We propose a new canonical divergence and prove that it is a potential function for the dual structure of a statistical manifold. We recover the canonical divergence proposed by Ay and Amari [1] in the case of: (a) dual flatness [2], (b) conjugate symmetry [3], and (3) statistical symmetry as studied by Henmi and Kobayashi [4]. The new divergence coincides with the well-known canonical divergence of dually flat manifolds [2] and is proportional to the squared Riemannian distance in the self-dual case."

References:

[1] Ay, N., Amari, S.I.: A novel approach to canonical divergences within information geometry. Entropy 17, 8111-8129 (2015)

[2] Amari, S.I., Nagaoka, H.: Methods of Informatin Geometry, Translations of Mathematical monographs, vol. 191. Oxford University Press (2000)

[3] Lauritzen, S.L.: Differential geometry in statistical inference. Lecture Notes-Monograph Series 10, 163-218 (1987)

[4] Henmi,M., Kobayashi, R.: Hooke's law in statistical manifolds. Nagoya Math. J. 159, 1-24 (2000)

**Kirill Glavatskiy ***The University of Sydney, Australia***Agent-based modeling of housing market: can methods of statistical physics predict human behavior?**

Kirill Glavatskiy, Mikhail Prokopenko, Michael Harre.

Following the crashes of global market in 2008 questions were asked of the ability of economics to address the vulnerability of such an important system. It became evident that conventional tools are not able to address systemic risks in markets with heterogeneous structure, where humans behave according to multiple behavioral patterns. This is the case, in particular, for housing market. Over the recent years there has been observed a steady increase of real estate prices in major metropolitan cities in Australia, while some other cities do not show these trends. This indicates that there might be a possibility of “housing bubble” which will eventually burst.
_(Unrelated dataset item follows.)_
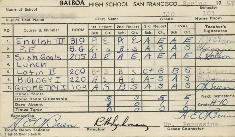 - Of course, I had report cards in college.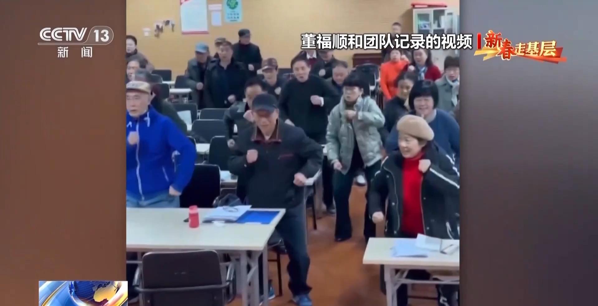 2023年,在给老年大学上课时,小董和小伙伴们拍下这段视频。老人们的动作虽然不太整齐,但个个都很投入,主打一个“反差萌”。没承想,视频发到网上就火了。有人留言说,“银发族治愈了年轻人”,也有人说,“这样的音乐老师最好来上一打”。

In this work we employ methods of statistical physics to investigate the evolution of the housing market in Australia and possibilities for existence of the housing bubble and its burst. The ideological background for this approach is the fact that when it comes to macroscopic phenomena, individual human choices do not play a significant role. Rather, their collective behavior determines the overall evolution, and statistical interactions between individuals become decisive. Employing the analogy between humans in economic description and molecules in physical description, we investigate the conditions for human self-organization from the perspective of statistical physics.

We address the problem using three approaches, which complement each other on different levels of description: agent-based numerical simulations, maximum entropy principle, and bifurcations at the phase transitions.

Within agent based modeling we introduce heterogeneous society with agents who follow one of the several behavioral patterns. This corresponds to a multicomponent fluid, which self-organize in the mean-field fashion. Unlike a fluid, the agents are allowed to change their identity, switching between behavioral patterns. Depending on the particular state the current community (city), this evolution may or may not lead to a bifurcation and hence phase transition. Coming close to the bifurcation point would indicate that the particular community is close to a “bubble” state.

Within maximum entropy principle we investigate the macroscopic structure of interacting communities. Introducing the analogue of the entropy for the system of our agents, we identify the set of economic constraints, within which they realize their individual strategies. Maximizing the entropy for each of the community allows us to identify the analogy of the spatial distribution of the temperature. Temperature distribution determines the fluxes in the system and allows us to understand the sources and sinks for the market.

Having the recent census data from the Australian Bureau of Statistics we perform analysis for each community (city) within Australia. By doing this we build a map of Australia, which shows how “heated” different regions are with respect to each other. This information can be used by policy making agencies to properly react on market challenges.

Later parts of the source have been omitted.